> [Available data]:

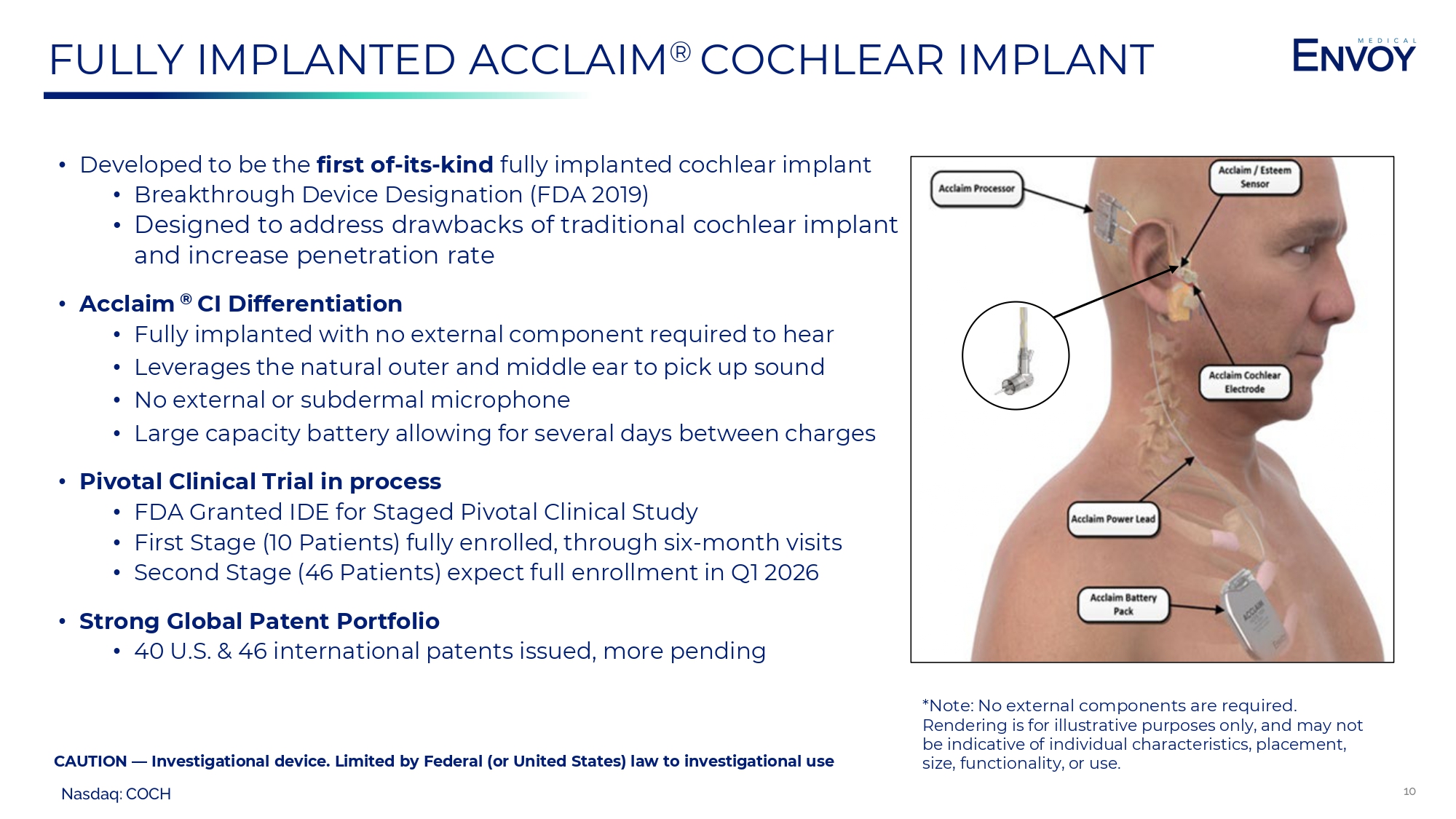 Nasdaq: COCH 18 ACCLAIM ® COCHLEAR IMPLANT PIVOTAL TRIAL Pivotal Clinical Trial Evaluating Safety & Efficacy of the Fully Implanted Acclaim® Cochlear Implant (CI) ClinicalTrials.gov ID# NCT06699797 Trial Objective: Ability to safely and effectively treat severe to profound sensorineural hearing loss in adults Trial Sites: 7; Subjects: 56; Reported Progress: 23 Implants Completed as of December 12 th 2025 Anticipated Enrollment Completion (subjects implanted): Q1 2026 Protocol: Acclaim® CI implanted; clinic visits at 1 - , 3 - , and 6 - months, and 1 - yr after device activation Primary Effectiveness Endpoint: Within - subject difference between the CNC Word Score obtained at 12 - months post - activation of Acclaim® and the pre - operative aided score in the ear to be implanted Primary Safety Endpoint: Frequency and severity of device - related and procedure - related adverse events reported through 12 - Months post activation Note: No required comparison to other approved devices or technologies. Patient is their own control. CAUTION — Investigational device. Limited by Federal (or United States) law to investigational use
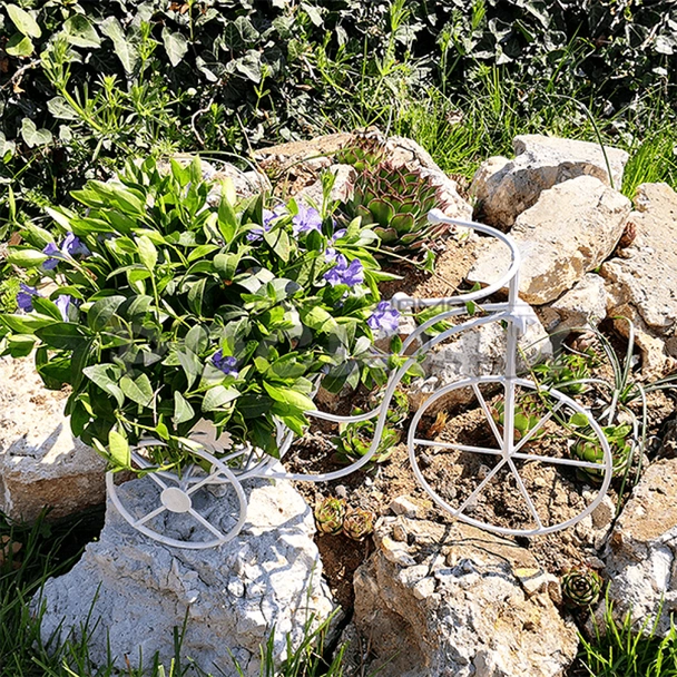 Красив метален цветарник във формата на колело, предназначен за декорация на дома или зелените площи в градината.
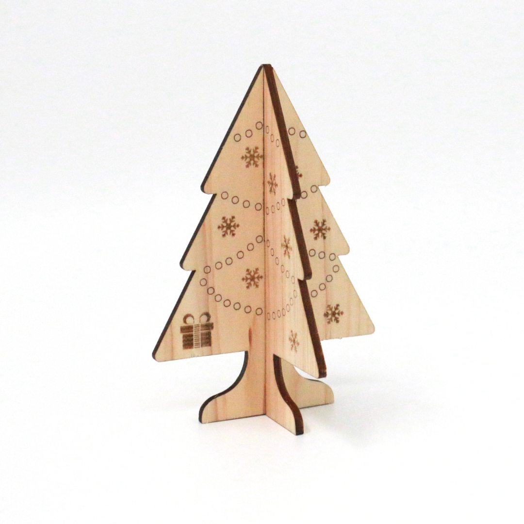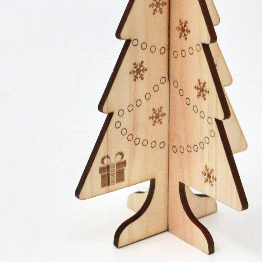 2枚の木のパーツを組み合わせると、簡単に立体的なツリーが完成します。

> [Exercise goal]: Starting with the line that contains "Красив метален цветарник" and ending with the last line of the material, every line must be written out exactly; no other lines and no pictures are wanted.

> [Completed exercise]:
 Красив метален цветарник във формата на колело, предназначен за декорация на дома или зелените площи в градината.
 2枚の木のパーツを組み合わせると、簡単に立体的なツリーが完成します。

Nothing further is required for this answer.